Letting Loose the Hounds
Page 18
Even though my father’s head had stopped bleeding, the sheriff wanted to call the ambulance in from Round Valley (there was no doctor in Salado in those days) but my father kept assuring everyone he was feeling fine, all he needed was a few more drinks to get rid of the headache he was having. In the end, the sheriff stuck them both in the same jail cell to sleep off their drunk. Some time that night in that puke-smelling cell full of drunks and no-goods and bums, my father died of bleeding in the brain, his head resting on the lap of Calfred Pulsipher, the man who killed him.
Out here in Arizona, Jesus is my only real friend. He is a tiny wetback, barely five feet tall with his boots on and even though he’s lived on American soil for over two decades his English is as piss-poor as if he showed up here last Christmas. He has star-quality teeth and likes to keep his hair coifed and oiled with one curl hanging down on his forehead in the manner of old time movie actors. He’s worked for Mr. Platt off and on for a good many years and while the others here resented me, pissed on me for being young and ignorant, enjoyed watching me make a fool of myself, Jesus helped me out from the start, taking time to show how to dally a rope, say, or throw a calf for branding.
Right now Jesus is explaining, in his own way, why he doesn’t like people calling him a Mexican. He doesn’t consider himself a Mexican at all, he says, because he is actually a full-blooded Yaqui Indian and very proud of it, a direct descendant of the Aztecs, who were, according to him, the most proud and powerful nation the world ever saw. And who, according to him, had it not been for malaria, typhoid and other white-man plagues, would have kicked some Spaniard ass.
“I’m not eh-Spanish,” he says, thumping his chest like a little brown Tarzan. “I’m Yaqui.”

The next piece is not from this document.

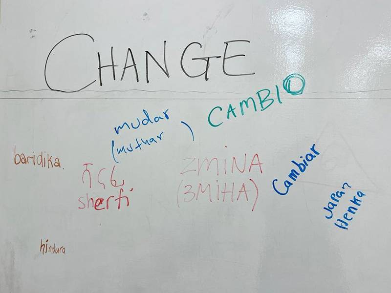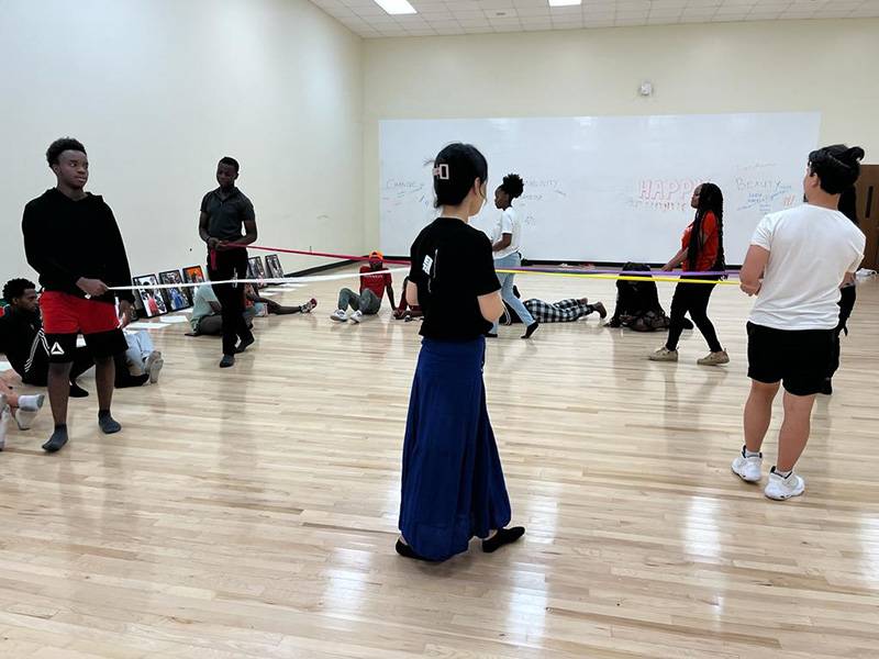 The workshop focused on three prompts that centered around a change—in physical location, state of mind, or life circumstance—in the life of the participant artist. The prompts were designed to be intentionally open, allowing each participant to determine what facet of their story they wanted to focus on. Each participant began with the prompt, “In the beginning of this story…” encouraging them to think, “What was life like before? Where did this story begin?” The beginning could be before moving to the U.S., before moving to Harrisonburg, before becoming a teenager, or before discovering basketball, for example. The next prompt was, “And then there was a change.” This prompt focused on a crossing or movement, a changing of location, mindset, or circumstance. Each participant decided for themselves what change they wanted to focus on, in the context of their own story. The third prompt was, “A dream is now unfolding.” Here each participant had the chance to outline how that change had manifested in their lives, and what dreams were emerging as a result.
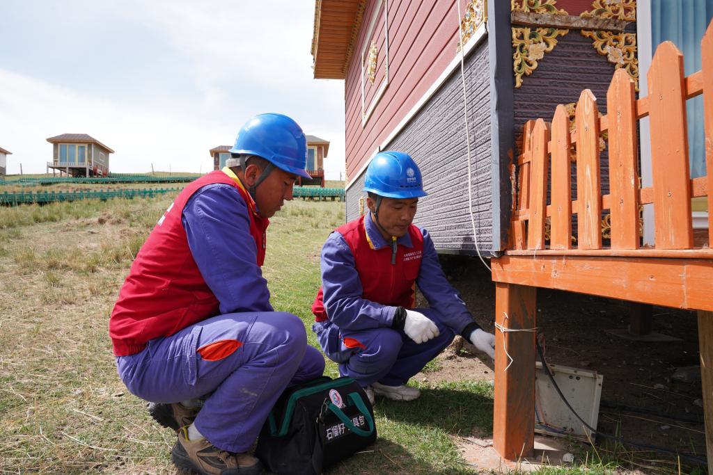 9月2日,“石榴籽”電力流動驛站工作人員檢查果洛藏貢麻村崗日梅朵旅游度假村用電情況。(旺瑪多杰 攝)

“It’s not eh-Spanish,” I say. “That’s not how you say it. You got to get your S’s right. She sells seashells by the sea shore. Okay, I’m going to say a word and you repeat. Snoopy.”
“Eh-Snoopy,” Jesus says.
“Sssssnoopy,” I say.
“Ehhhhh-snoopy,” Jesus says.
“Ah shit,” I say.
“Ah shit,” says Jesus, proud of himself for making such great advancement in the language.

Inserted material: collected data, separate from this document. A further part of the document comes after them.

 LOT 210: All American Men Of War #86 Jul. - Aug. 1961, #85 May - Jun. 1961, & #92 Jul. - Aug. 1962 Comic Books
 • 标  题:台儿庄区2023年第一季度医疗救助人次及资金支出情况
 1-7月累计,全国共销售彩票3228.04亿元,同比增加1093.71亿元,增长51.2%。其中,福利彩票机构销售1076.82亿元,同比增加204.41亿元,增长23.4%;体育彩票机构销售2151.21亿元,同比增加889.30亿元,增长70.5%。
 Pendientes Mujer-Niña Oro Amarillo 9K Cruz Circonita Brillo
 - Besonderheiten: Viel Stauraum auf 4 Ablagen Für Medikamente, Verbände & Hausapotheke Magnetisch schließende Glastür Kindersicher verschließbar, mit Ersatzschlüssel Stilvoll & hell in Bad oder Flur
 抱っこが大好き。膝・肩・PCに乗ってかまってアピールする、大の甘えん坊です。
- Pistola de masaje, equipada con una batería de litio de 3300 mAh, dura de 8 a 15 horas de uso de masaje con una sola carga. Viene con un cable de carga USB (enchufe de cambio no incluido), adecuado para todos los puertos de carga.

The guy truly is hopeless. Since he has done so much for me, I figured the least I could do was help him polish his English, but now, after nine months of correcting his pronunciation and word order, he hasn’t improved a bit.
“Why don’t you want to be an American?” I say. “All you have to do is get your green card, you’ve lived here long enough. Then you won’t have to run from the border patrol any more.”
“American?” Jesus says, a look of disgust twisting his wide brown face. “Americanos fat pigs, you know, honk honk.”
“I’m fat, is that what you’re saying?”
Jesus lifts up my T-shirt to have a look. He nods gravely. “Maybe,” he says.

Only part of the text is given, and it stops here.